In a research note released on Wednesday, Bank of America economist Claudio Irigoyen and his team wrote: “At this point, the consequence brought about by this conflict will be mild stagflation.” Stagflation refers to an economic phenomenon in which inflation rises while growth slows.

Bank of America economists said that although the global economy’s dependence on oil has decreased, its sensitivity to natural gas and fertilizers has increased significantly. This poses a major risk for Europe and emerging-market economies.

“The Iran war is not just an oil shock — it is an energy shock,” Irigoyen wrote.

The economists cut their forecast for the U.S. economic growth rate by 50 basis points to 2.3%, and expect the country’s total inflation rate in 2026 to reach 3.6%, higher than the previously forecast 2.8%。。

From a global perspective, the economists lowered their 2026 global growth expectation to 3.1% and raised the global inflation forecast to 3.3%.

Irigoyen said this is consistent with the characteristics of a stagflation shock. Based on the new baseline scenario, the bank predicts that oil prices will stay near $100 per barrel for the remainder of 2026.

Bank of America’s analysis assumes that the war will gradually subside before the end of this month.

However, Irigoyen wrote that if the conflict escalates and continues, “a significant surge in energy prices, combined with a significant pullback in asset prices, could drag the global economy into a recessionary situation.”

The Fed is expected to cut rates by 50 basis points this year

Bank of America economists still expect the Fed to cut rates by 50 basis points this year, but the timing of the cuts has been pushed back from summer to autumn, and they acknowledge that “the risk of these rate cuts not being realized is very high.”

Wall Street’s expectations for Fed rate cuts are being pushed back further and further.
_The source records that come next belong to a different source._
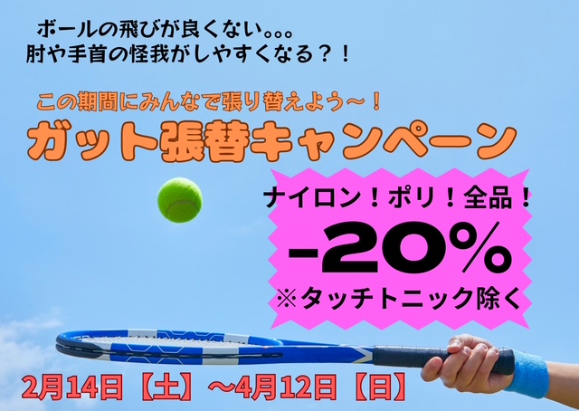 2月14日~4月12日までラケット&ガットキャンペーンが開催します!
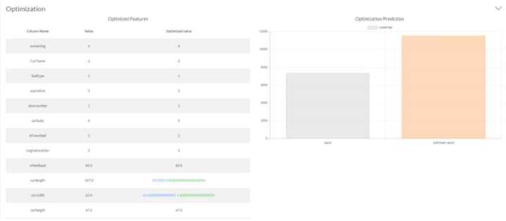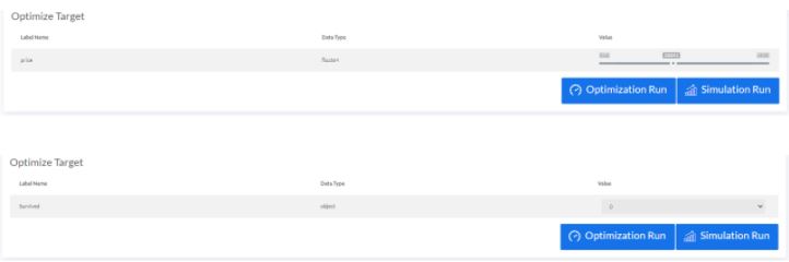 최적화는 예측 변수를 원하는 설정값으로 맞추기 위해서 변경 가능한 변수들을 조작할 수 있는 기능입니다.
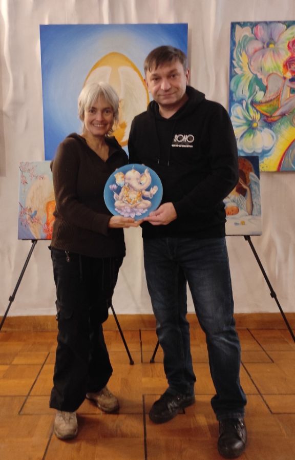 Удивительно, что именно эта работа стала сотой! Когда проект стартовал, мы взяли для демонстрации идеи круглой картины одну из работ Татьяны - "Ангелы добролеты". И вот, спустя два с половиной года, ее работа для проекта была написана и встала на красивую 100-ю позицию. Именно в это время Татьяна смогла ненадолго приехать в Красноярск. Маленькое чудо )
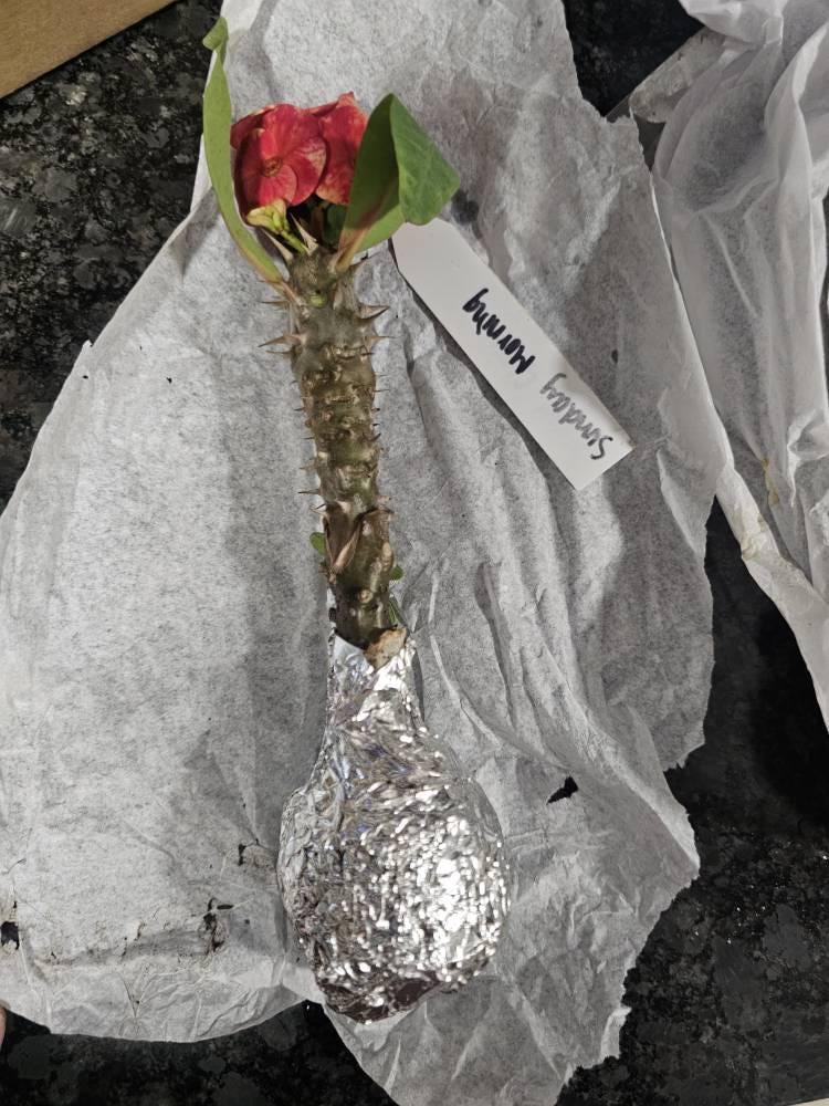 Lovely, well rooted Euphorbia Crown Of Thorns / Cham Chan / Thai Hybrid. Well packaged, fast shipping, great communication. Thank you!
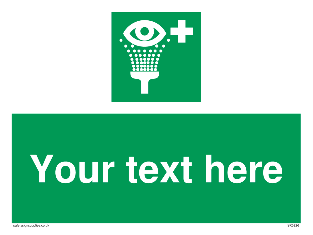 This sign contains an eye wash symbol - eye being washed in shower / spray in white on green background.
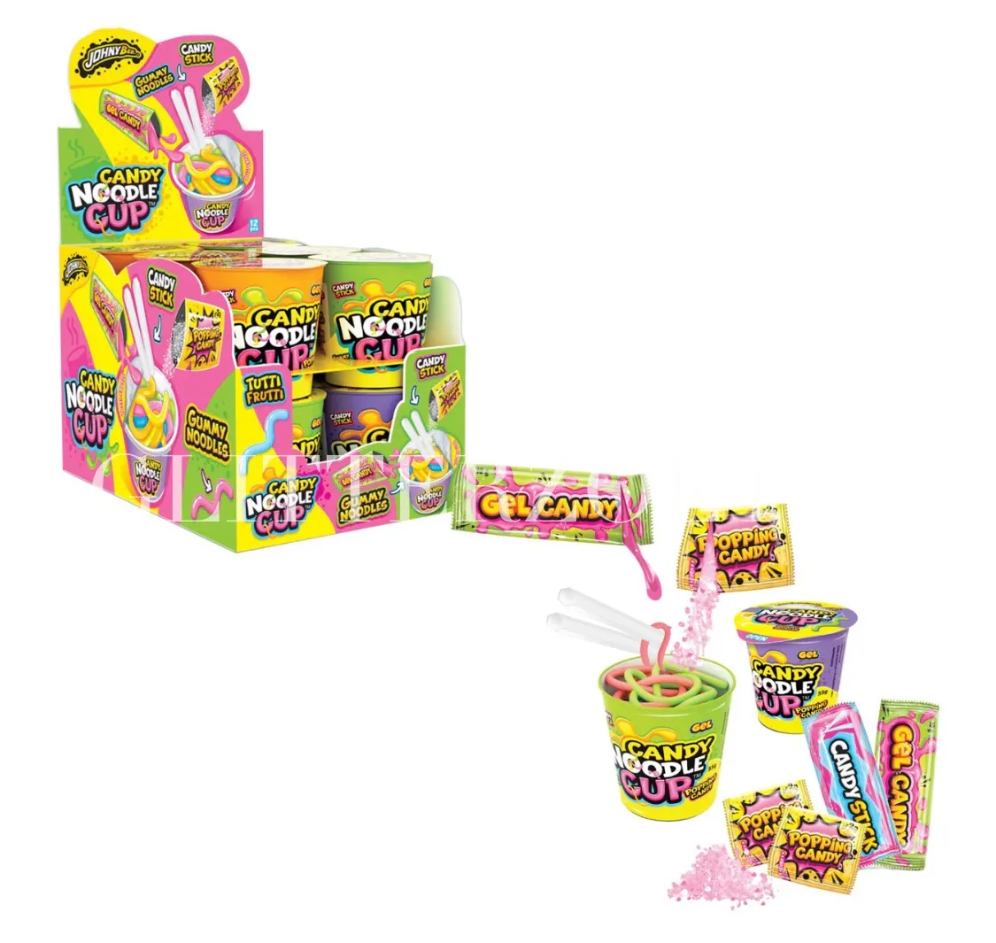 Noodle cup met zachte snoepjes super leuke traktatie.
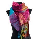 Elegancki, wielokolorowy cienki szal/ chusta z frędzlami /wariant 3/
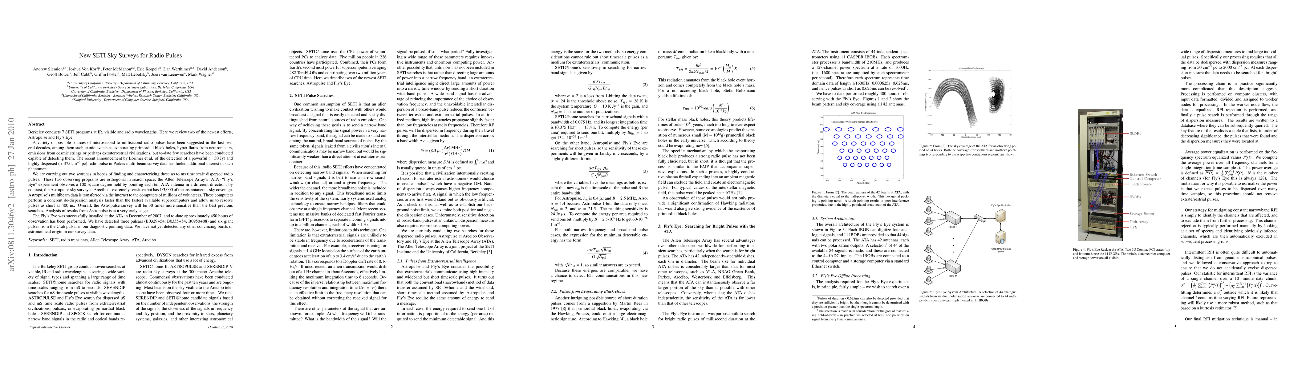 This paper reviews two new SETI radio pulse surveys conducted by Berkeley: Astropulse at Arecibo and Fly's Eye using the Allen Telescope Array. Astropulse leverages distributed computing to analyze multibeam data, achieving 30 times the sensitivity of previous searches. Fly's Eye covers a large sky area but with lower sensitivity, detecting pulsars and giant pulses but no other convincing bursts.
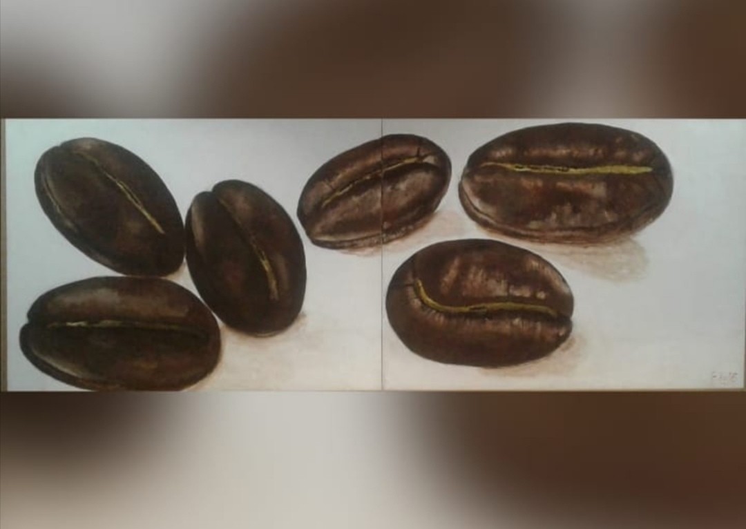 Biji Kopi (2016) karya Edo Makarim, salah satu seniman muda disabilitas Indonesia yang aktif berkarya.
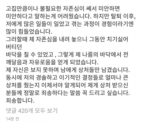 앨범 꼬라박으니까 이제서야 사과문이랍시고 글 올림.
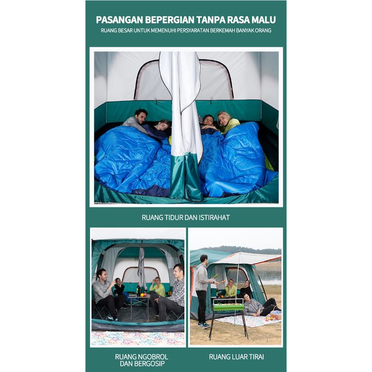 Tenda Camping 8 - 12 Orang(3.8✖2.8Tenda Camp✖2M)Portable Waterproof Camping Tent 5-8 orang/ kebutuhan semalam yang liar
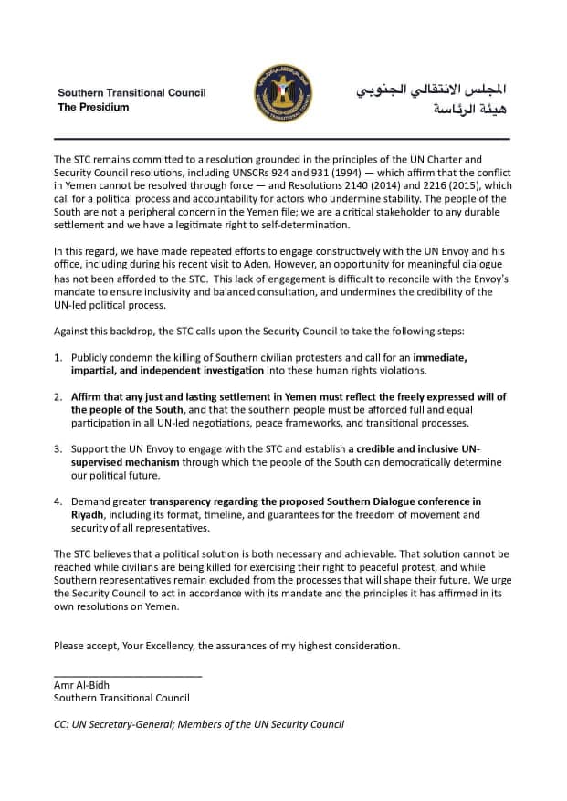 النص الكامل المترجم لرسالة المجلس الانتقالي الجنوبي لـ مجلس الأمن الدولي
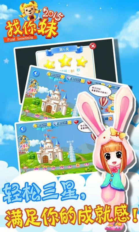 找你妹2014是一款深受玩家喜爱的安卓休闲游戏,以其独特的找物品玩法和融合rpg元素的创新设计而备受瞩目。游戏以“姐姐为爱寻找妹妹”的感人故事为主线,玩家将在轻松诙谐的氛围中,通过一系列精心设计的关卡,帮助主角在奇幻世界中寻找失散的妹妹。游戏画面清新可爱,音效轻松愉快,为玩家带来一场充满挑战与乐趣的冒险之旅。

Goldman Sachs is also betting that the Fed will cut rates twice this year, with both cuts occurring in the fourth quarter.

“The labor market is cooling, wage growth has fallen below the level consistent with a 2% inflation target, and long-term market inflation expectations remain stable,” Goldman Sachs analysts wrote on Wednesday. “Against this backdrop, an oil shock large enough to raise concerns about persistent inflation would very likely result in significant economic losses and may trigger a recession.”

On Monday, Fed Chair Jerome Powell said that in the context of the energy shock triggered by the Iran-U.S. conflict, the Fed is inclined to keep interest rates unchanged and temporarily “ignore” the impact of this shock. These remarks eased market concerns about Fed rate hikes later this year.